=== DATA EXTRACT ===
===============
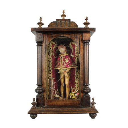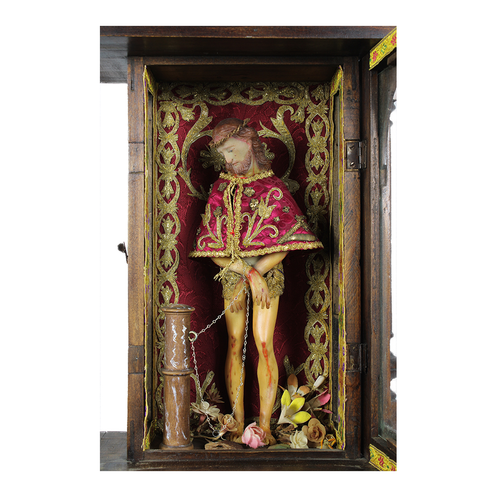 GRUPPO SCULTOREO in ceroplastica con Gesù Cristo alla colonna dentro teca in legno di noce maestranze siciliane XIX secolo h cm 53 x 31 x 16
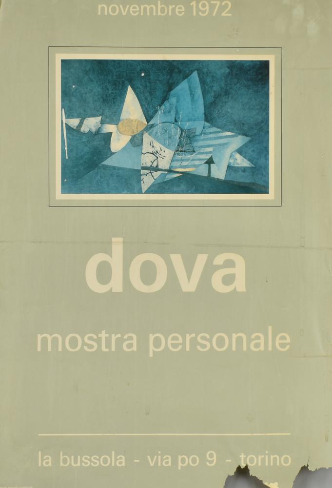 manifesto cm 50x33, per la mostra personale 'Dova' tenutasi alla Bussola,Torino nel Novembre 1972
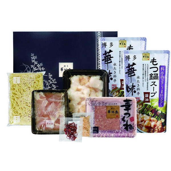 | 商品の特徴 | 水たき料亭「博多華味鳥」流にアレンジを加え、九州産銘柄鶏「華味鳥」のはらみと牛小腸を組み合わせたオリジナルのもつ鍋セット。惣菜・調理品ギフト,お歳暮 | ||
===============
=== EXERCISE DIRECTIONS ===
Give the listing again in full, exactly as it is, but without its images.

=== REPLY TO THE EXERCISE ===
 GRUPPO SCULTOREO in ceroplastica con Gesù Cristo alla colonna dentro teca in legno di noce maestranze siciliane XIX secolo h cm 53 x 31 x 16
 manifesto cm 50x33, per la mostra personale 'Dova' tenutasi alla Bussola,Torino nel Novembre 1972
 | 商品の特徴 | 水たき料亭「博多華味鳥」流にアレンジを加え、九州産銘柄鶏「華味鳥」のはらみと牛小腸を組み合わせたオリジナルのもつ鍋セット。惣菜・調理品ギフト,お歳暮 | ||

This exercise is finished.